We’re asked to find the volume of a solid whose base is defined by the parabola 𝑦 is equal to nine minus 𝑥 squared and above the 𝑥-axis. The slices of the solid are perpendicular to the 𝑦-axis and are squares. Let’s first draw the base region of our solid. Our parabola is 𝑦 is equal to nine minus 𝑥 squared so that when 𝑦 is equal to zero, 𝑥 squared is equal to nine so that 𝑥 is equal to positive or negative three. When 𝑥 is equal to zero, 𝑦 is equal to nine. And this is where our function crosses the 𝑦-axis.

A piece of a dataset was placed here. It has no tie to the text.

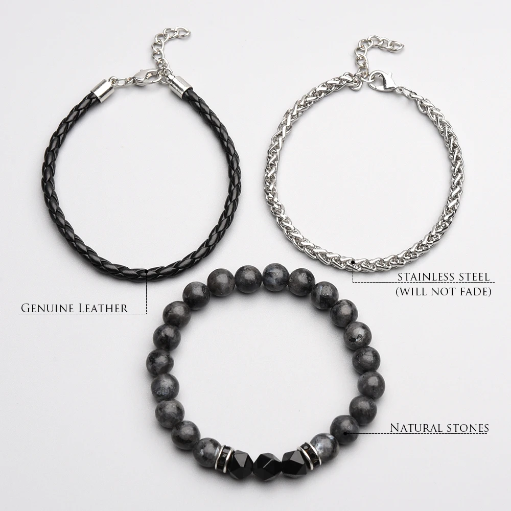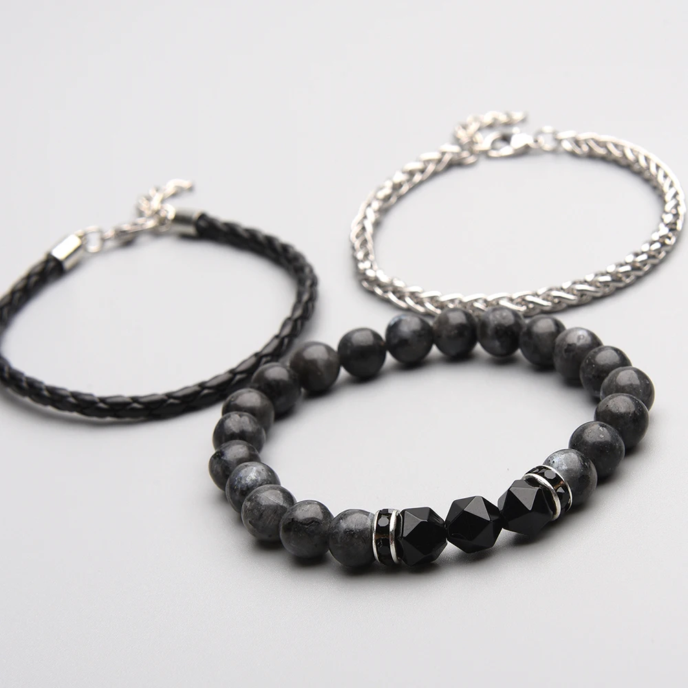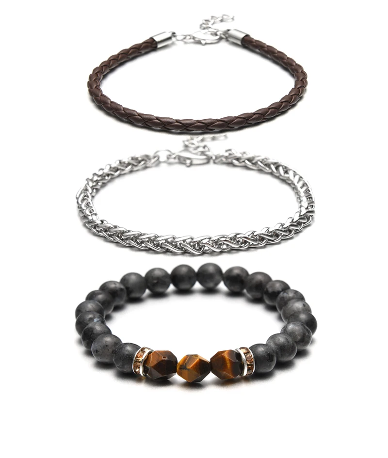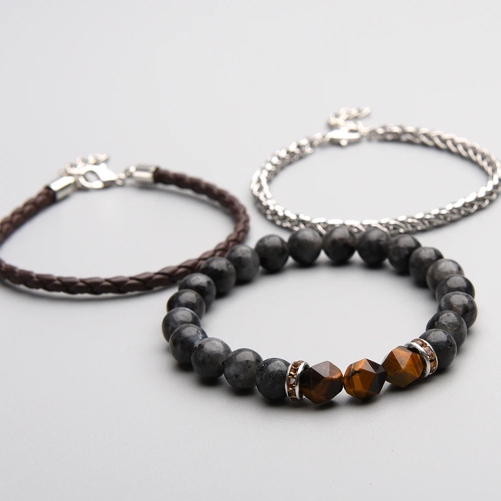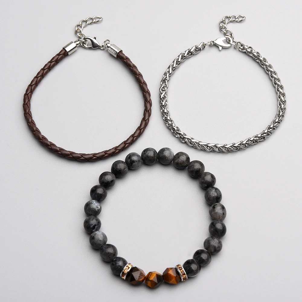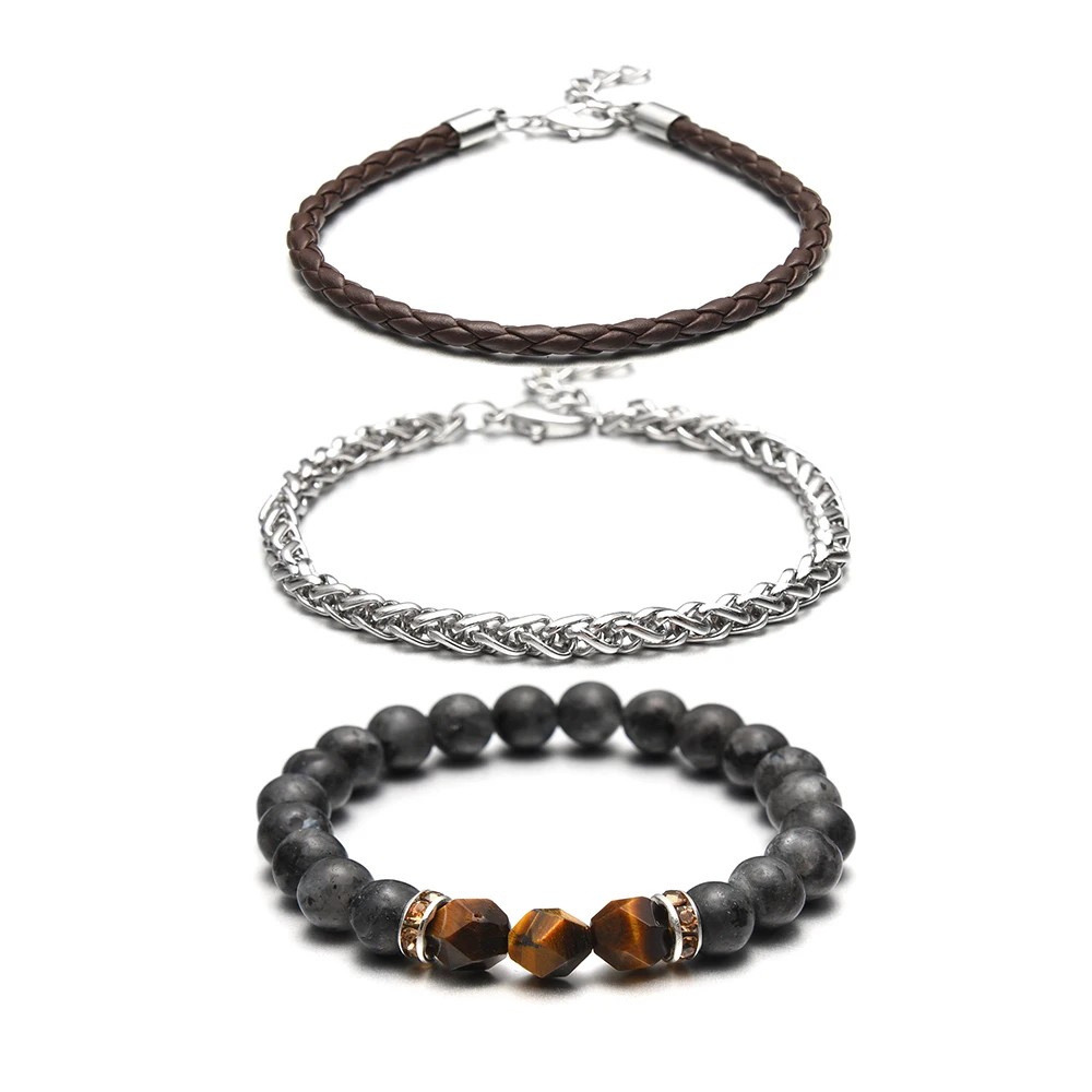 Мужской очаровательный браслет, 3 шт.лот, набор, ручная работа, сделай сам, микс из натурального камня, Классический бисер, натуральная кожа и цепочка из нержавеющей стали

The region under this curve and above the 𝑥-axis forms the base of our solid. Our cross sections are squares. And these are perpendicular to the 𝑦-axis. The length of the sides of each square is two 𝑥. And the value of 𝑥 depends on where the square crosses the 𝑦-axis. The area of a cross-sectional square is, therefore, two 𝑥 times two 𝑥, which is four 𝑥 squared. The volume of our solid, however, is an integral along the 𝑦-axis between 𝑦 is zero and nine of the area of the cross-sectional squares as a function of 𝑦. So, we need to convert our area into a function of 𝑦.

We know that 𝑦 is equal to nine minus 𝑥 squared, which gives us 𝑥 squared equal to nine minus 𝑦. Our area as a function of 𝑥 is four 𝑥 squared so that four 𝑥 squared is equal to nine minus 𝑦 times four. In other words, four 𝑥 squared is equal to four times nine minus 𝑦 so that our area, in fact, is four times nine minus 𝑦. And we can now work out our volume, which is the integral between zero and nine of four times nine minus 𝑦 with respect to 𝑦.

We can take the four outside since this is a constant multiple. We know that the integral of nine with respect to 𝑦 is nine times 𝑦. And we know that the integral of negative 𝑦 with respect to 𝑦 is negative 𝑦 squared over two. So, then, our volume is four times nine 𝑦 minus 𝑦 squared over two evaluated between zero and nine. This is four times nine times nine minus nine squared over two minus zero. That gives us four times 81 minus 40.5, which is 162. The volume of the solid whose base is the region under the parabola 𝑦 is nine minus 𝑥 squared and above the 𝑥-axis where slices are perpendicular to the 𝑦-axis and are squares is, therefore, 162 units cubed.

Now, let’s remind ourselves of the key points in finding the volume of a solid by the slicing method. The first thing we need to do is determine the base of our solid. We then determine the shape of the cross section of the solid and then sketch the cross section and the base. We then find a formula for the area of our cross section. If the cross section is perpendicular to the 𝑥-axis, this will be a function of 𝑥. If the cross section is perpendicular to the 𝑦-axis, the area will be a function of 𝑦. And if the cross section is perpendicular to the 𝑧-axis, then the area will be a function of 𝑧.

To find our volume we then integrate the area of the cross section over an interval defined by the base region. If our cross sections are perpendicular to the 𝑥-axis, then our volume is equal to the integral between 𝑥 is 𝑎 and 𝑥 is 𝑏 of the area, which is a function of 𝑥 with respect to 𝑥. If the cross sections are perpendicular to the 𝑦-axis, then our limits change to 𝑦-values, our area is a function of 𝑦, and we integrate with respect to 𝑦. If our cross sections are perpendicular to the 𝑧-axis, then our limits become 𝑧 values, our function area is a function of 𝑧, and we integrate with respect to 𝑧. So, the key in finding the volume is to determine the base of the solid, the shape of the cross section, and where that cross section sits with respect to the axes.